We asked him some key questions on how businesses can make the best use of technology to increase their productivity, efficiency and effectiveness – to increase profits and ensure long-term success.
With digital transformation, what should businesses be thinking about when moving off legacy enterprise applications?
There’s a new genre of ‘intelligent’ enterprise applications – it’s about the future of these applications within the business, such as intelligent ERP, intelligent CRM, intelligent marketing automation solutions, intelligence finance, intelligence HR and so on.
If you look at the last 20 or 30 years, large organizations used large monolithic enterprise applications to automate a lot of business processes, picking the low-hanging fruit. You can walk into manufacturing organizations, banks, insurers and retailers, and the efficiencies they’ve gained from these enterprise applications have already been achieved. We’re onto diminishing returns – it’s hard to make strides in improvements within the business.
But at the same time, these companies must understand that the markets they are serving are changing dramatically. If you look at manufacturing, there are significant changing consumer trends such as a loss of brand loyalty. Customers can go online and compare different products from different sources instantly. With sophisticated global logistics, you can get products sent from places like South American, Eastern Europe and China, almost as easily as we can from our home markets.
Businesses can’t respond to this change with the traditional methods we’ve been using. We’re now moving from an era of automation, which we’ve had for the last two to three decades, to one which I call optimization.

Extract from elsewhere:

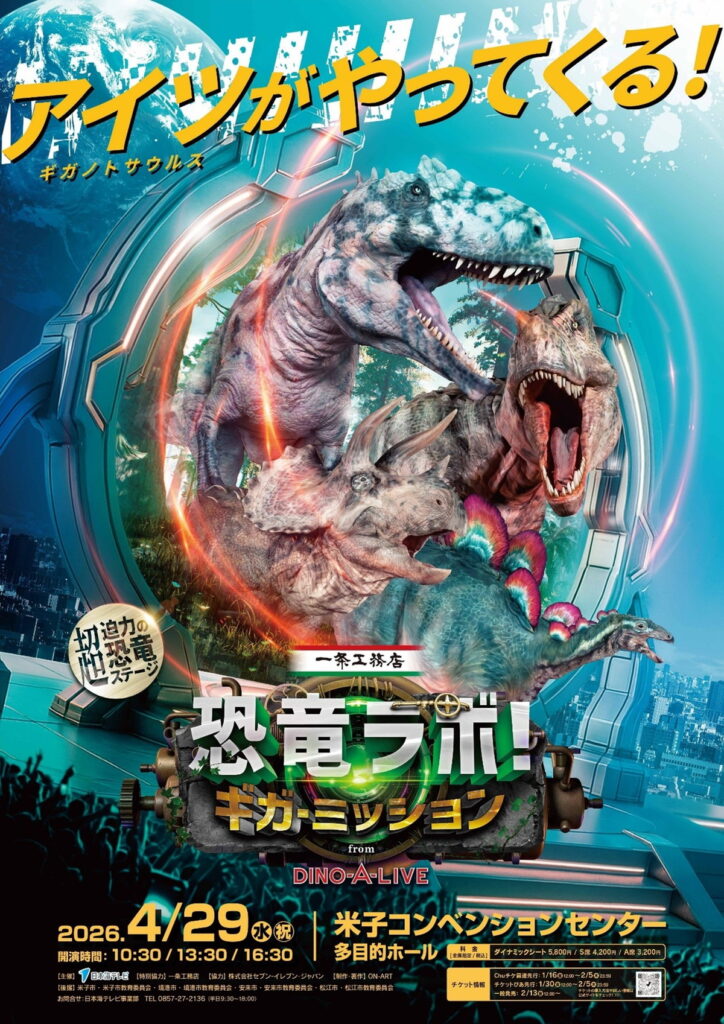 全国で話題沸騰中の体験型恐竜ショー『恐竜ラボ!ギガ・ミッション』がついに2026年4月鳥取で開催されます!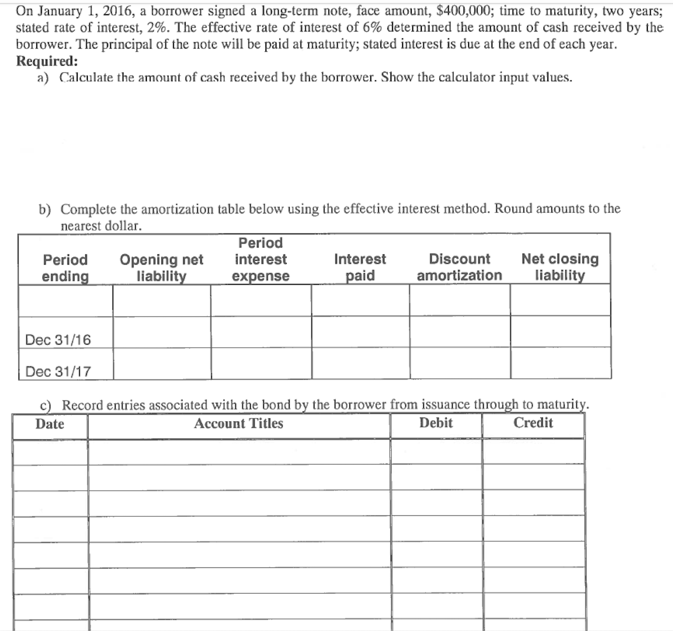 On January 1, 2016, a borrower signed a long-term note, face amount...

True optimization is about advanced planning. Why is it important for manufacturing business leaders to understand it?
Advanced planning is a notoriously difficult and complex problem. ‘New’ technology which is coming to fruition like artificial intelligence (AI), big data and the industrial Internet of Things (IoT), can attack these complex optimization problems in industries like manufacturing and through the supply chain.
Intelligence will be embedded into applications, providing advanced planning capabilities to operators. Cognitive processes and decision-making will become automated, creating intelligent autonomous applications within business.
What should leaders in manufacturing be thinking about?
My biggest tip is for leaders to focus on shop floor processes. Look at the anatomy of a manufacturer in a broad sense – materials and components coming in one end, with finished and semi-finished goods coming out of the other. A lot of organizations, big and small, have invested a lot in enterprise technology applications in the areas surrounding that – such as Enterprise Resource Planning (ERP), supply chain and distribution logistics.
But when you look at the actual manufacturing process itself, from when a product goes into production on the shop floor, to when the semi-finished good leaves it, it’s incredibly surprising how much manual processes are still being relied on.
I go into businesses almost every week where they’re quite sophisticated from a technology perspective and have invested heavily over the years. But then it seems to stop at the shop floor – you still have operators walking around with clipboards and paper-based forms, writing machine process parameters or test results from the periodic tests they’re doing for the production process.
That’s incredibly inefficient, and not unlocking the potential these businesses have. We’ve got manufacturers where this leads to raw equipment effectiveness of only 60 or 70 percent. There’s almost a glass ceiling to get above that number.
It’s largely because they are relying on highly manual processes where they’re not taking intelligence from materials and production, and not using advanced technology to improve these processes dynamically in real time.
What will happen to manufacturers that stay still?
There’s an immense price pressure on manufacturers – they need to make processes faster, while creating products which are cheaper and better. ‘Promiscuous’ customers don’t have that brand loyalty any more, unlike a few years ago when they would tend to the stick with one product. Now if they have a bad experience, they’ll simply choose a different one of equal quality, that may even have a lower price.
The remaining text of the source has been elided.